Alignment of SARS-CoV-2 nsp1 and SARS-CoV nsp1. Alignment done with MUSCLE and image generated with JalView.

Alignment of SARS-CoV-2 nsp1 and SARS-CoV nsp1. Alignment done with MUSCLE and image generated with JalView.

The first information that can be extracted from this alignment is that for both SARS viruses the nsp1:s are very close. No large inserts or deletions are observed. Mutations observed are mainly amino acid substitutions of similar types (a part from a few exceptions).

The role of nsp1 is believed to be very similar in SARS-Cov and SARS-Cov-2. The mutations observed between both sequences here are likely not relevant for the functions of nsp1. I’ll try to complete this alignment with a statistical analysis on all nsp1’s of all different SARS-Cov and SARS-Cov-2 strains. It’ll allow to gain a bit more perspective on which amino-acids are important in the protein itself.

Role of the Protein

To better understand the role of nsp1 in SARS-CoV-2, let’s look at what’s known for two closely related coronaviruses - MERS-CoV and SARS-CoV.

MERS-CoV

The role of the MERS nsp1 has been described as Specific recognition of viral RNA that is required for efficient viral replication; possibly interacts with cyclophilins and is thought to be a major virulence factor because it suppresses protein synthesis through the degradation of host mRNA.

SARS-CoV

In SARS-CoV, nsp1 is described to suppress the host gene expression as well (including type I interferons). The authors of this study identified K164 and H165 as being important for the functional role of nsp1. They generated a K164A and H165A mutant and observed that gene expression of host mRNA was increased compared to the host mRNA levels (to some extent) with the wild-type virus. I highlighted both residues in the sequence alignment with a purple indicator - no difference between SARS-CoV and SARS-CoV-2.

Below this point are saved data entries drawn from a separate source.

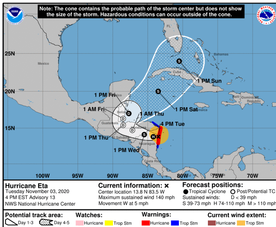
Gráfica 2. Cono de la posible trayectoria del huracán Eta para los siguientes días. NHC-National Hurricane Center 3 de noviembre de 2020. Hora 16:00 HLC.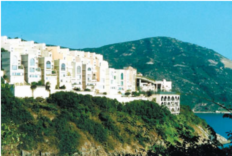
■李錦記家族後人以公司名義斥資1.28億元購入大潭紅山半島，成交呎價創下該豪宅近年新高。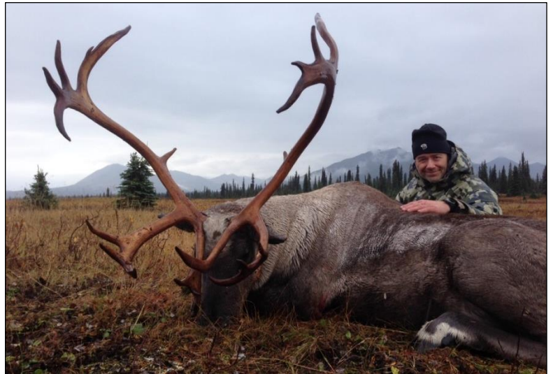
„Zufriedener Jagdgast im Herbst mit seinem Karibu!“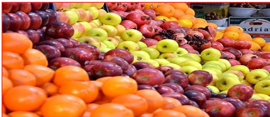
و علاوه بر آن ۱۵ تن نیز از ذخایر احتیاطی کشور برای این منظور پیش‌بینی کرده‌ایم.

مدیر تعاون روستایی با اعلام اینکه این میوه‌ها از حدود ۲۵ ام اسفندماه در بین مردم می‌شود گفت: قیمت میوه‌های ذخیره‌سازی شده ۲ تا ۳ روز قبل از توزیع توسط کمیته کشف قیمت ۱۵ تا ۲۰ درصد پایین‌تر از قیمت خرده‌فروشی بازار تعیین و به مردم عرضه می‌شود.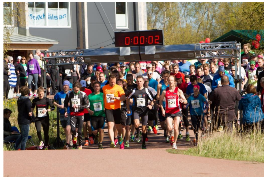
Brändöluften, fotograf Jana Lemberg

Vanligt förekommande var åsikten att pappershanteringen bör förenklas vilket t.ex. kan åstadkommas genom rådgivning samt att informationen om Leader bör nå ut till fler.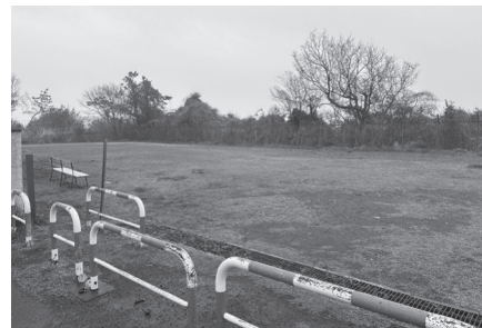
国立小児病院跡地。売却検討で、また 一つ町民の財産が消えていくのか。

A 町の重点方針、防災、社会福祉、高齢者福祉、障害者福祉、公共交通、などの重点方針の計画、施策は、誰ひとり取り残さないということを踏まえて策定し、推進する。

Another contribution used mutagenesis to analyse the functional features of nsp1 and their role in host gene expression inhibition in a more systematic way. Here the authors followed the protein expression of nsp1 and the host mRNA gene expression but also looked at the inhibition of cell signalling, which is also inhibited by nsp1.

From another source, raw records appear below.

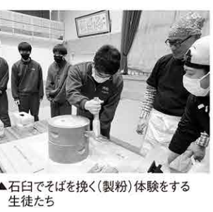
▲石臼でそばを挽く(製粉)体験をする生徒たち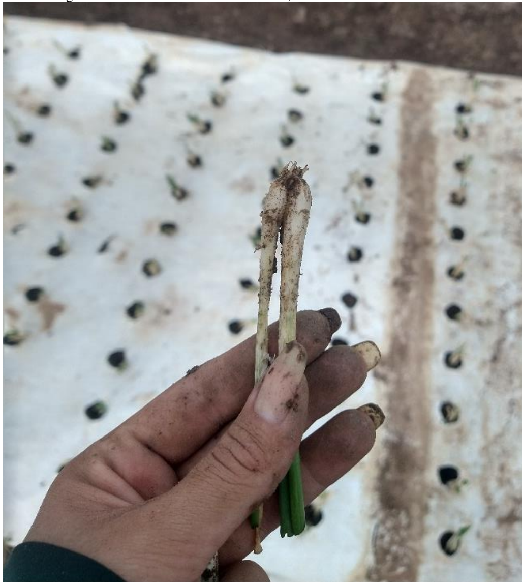
Figura 2: Muda da cebolinha com 2 bulbos, corte das mudas entre 5 a 10 cm.

necessidade de flexibilidade nas táticas de manejo, permitindo uma resposta eficaz e oportuna às condições reais do ambiente.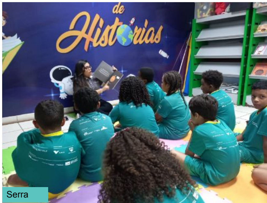
Oficina: Era uma vez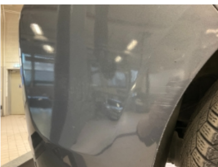
34. Lakk / karosseri utvendig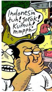
Gambar 3. Balon kata yang diucapkan oleh Leon mengenai Indonesia

Dalam panel tersebut, secara jelas Leon mengucapkan bahwa Indonesia jorok dan kumuh. Hal tersebut diper-tegas lagi dengan adanya penebalan dalam tanda baca setelah jorok dan kumuh. Selain penggambaran sifat secara langsung, dalam panel halaman pem-buka, Leon mengucapkan kembali dalam balon kata "...Dasar Orang Indonesia!". Perkataan tersebut merupakan wacana mengenai "Orang Indonesia" yang gemar bergosip.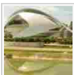
Cresce l'appeal di Valencia tra nuovi eventi e musei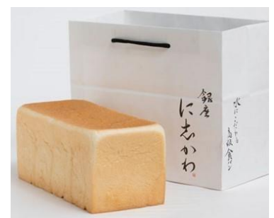
“銀座に志かわ 食パン”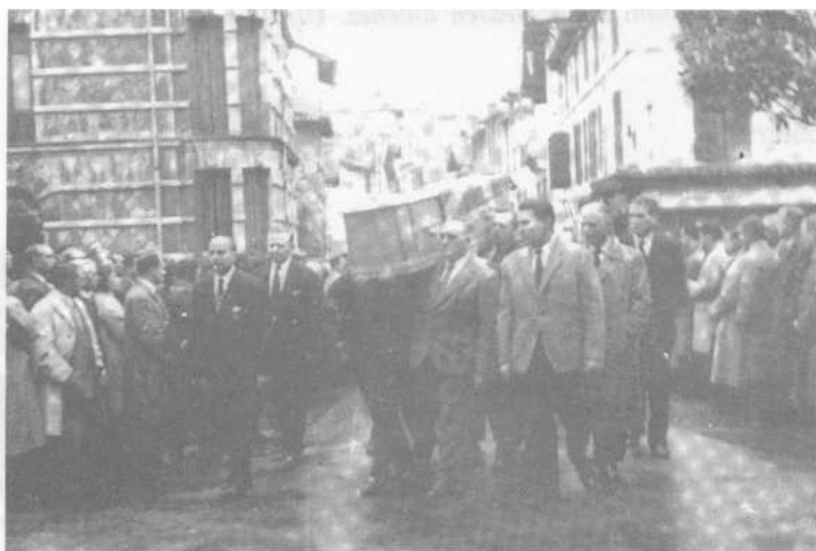
Paris'ko Passy auzoan illa 1960'garren Martxoa 22.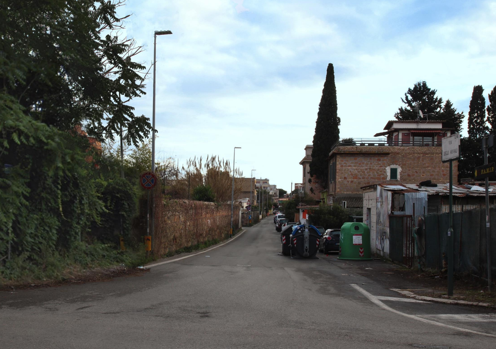
accesso via degli Arvali - attuale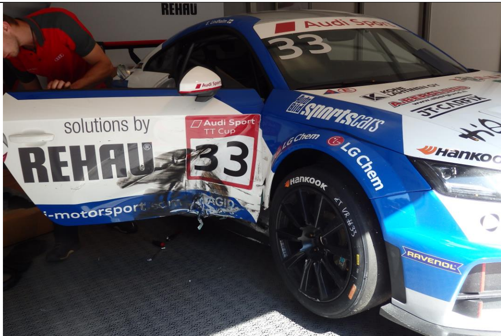
Vorbereitung1: Nach einer Rangelei im Qualifying muss an Emil Lindholms Auto die Tür ausgetauscht werden.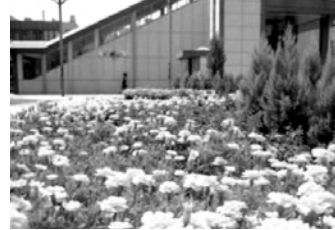
花いっぱいの野外ギャラリー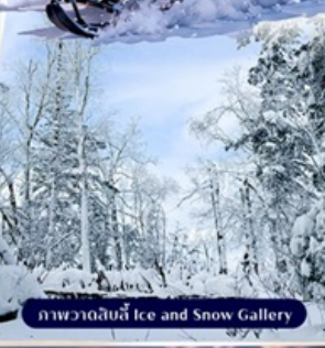
ภาพวาดด้วยน้ำแข็ง Ice and Snow Gallery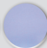
Inox lisse 304 L ou 316 L*

The set of mutations performed by the authors are all rather violent, but judge by yourselves:

Results from a systematic mutational study on SARS-CoV nsp1 reported here.

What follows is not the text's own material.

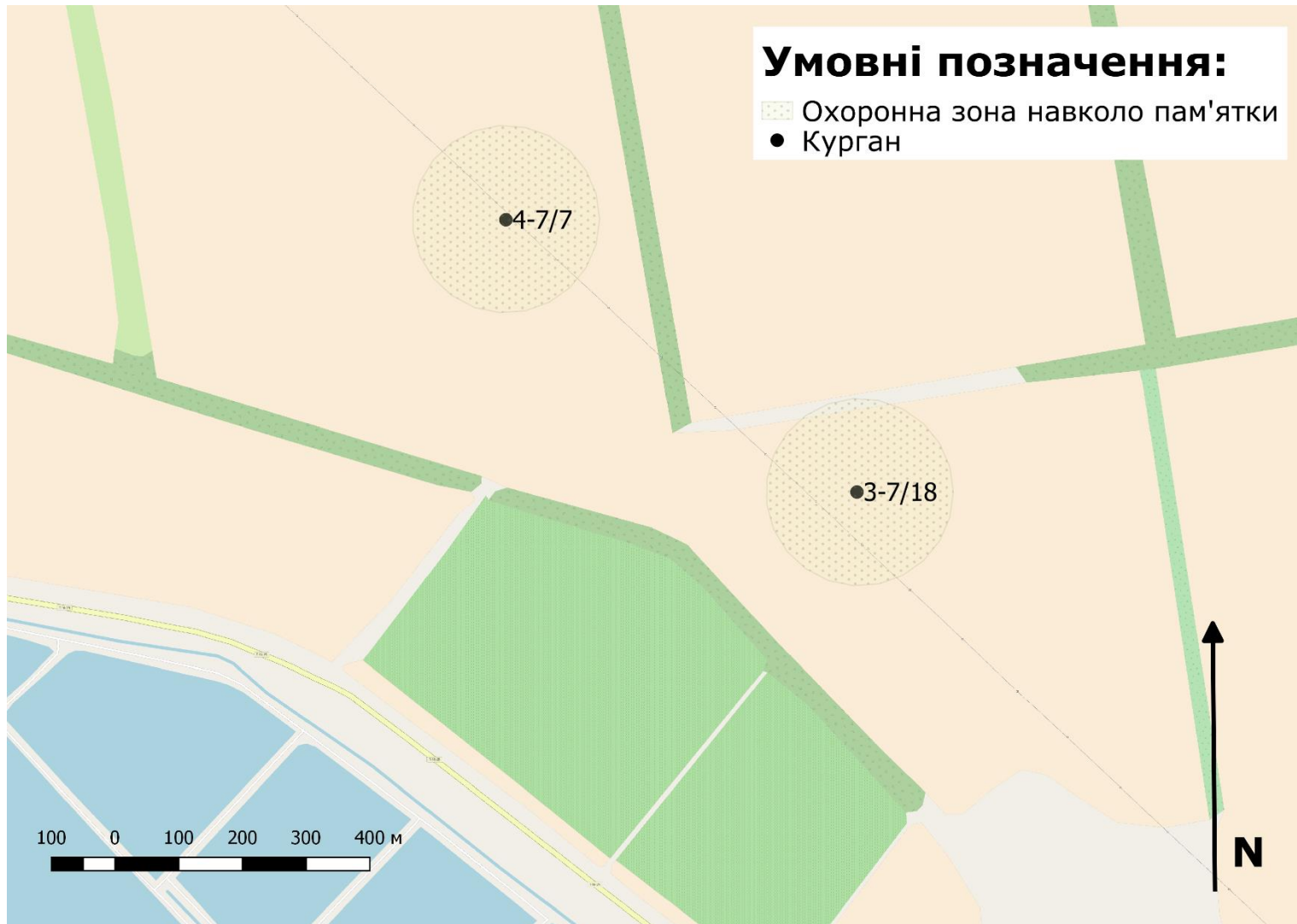
Карта 2. Генеральний план території. Викопіювання з OpenStreetMap М 1:10 000

Results from a systematic mutational study on SARS-CoV nsp1 reported here.

All of these mutations are available as sequence annotations on the SARS-CoV proteome in 3decision (UniProt code R1AB_CVHSA). For instance, if you visualise the SARS-CoV nsp1 structure 2hsx in 3decision, you’ll have access to the mutations’ positions on the 3D structure . Careful though, the quality of this particular structure is more than questionable.

The the SARS-CoV nsp1 structure 2hsx opened in the Annotation Browser in 3decision. The focus lies on the annotations from the mutagenesis study mentioned in the table above.

The the SARS-CoV nsp1 structure 2hsx opened in the Annotation Browser in 3decision. The focus lies on the annotations from the mutagenesis study mentioned in the table above.

After the last outbreak, efforts were made to resolve 3D structures of the SARS-CoV proteins. As a result, the 3D structure of nsp1 of SARS-CoV is actually suspected to have a beta barrel fold and two disordered (unstructured) regions, at the N and C terminal, respectively. An NMR structure of the “structured” part of nsp1 is available on RCSB and here on 3decision.discngine.cloud. However, this NMR structure is likely to be of low quality and exposes several Ramachandran outliers and unusual side-chain contacts. It’s therefore questionable to use this structure as a template to construct a homology model of SARS-CoV-2 nps1.

It is interesting to note that when using the alpha-fold based tr-rosetta in de-novo structure prediction, a fold different to the structure available of SARS-Cov nsp1 is found (for what it’s worth). Also, all other models I could spot so far were low quality and low confidence models for the SARS-Cov-2 nsp1.

I should also mention that I could not find any information about the quaternary state of the functional nsp1.

SARS-CoV-2

How can we use this information to better understand the role and structure of SARS-CoV-2 nps1?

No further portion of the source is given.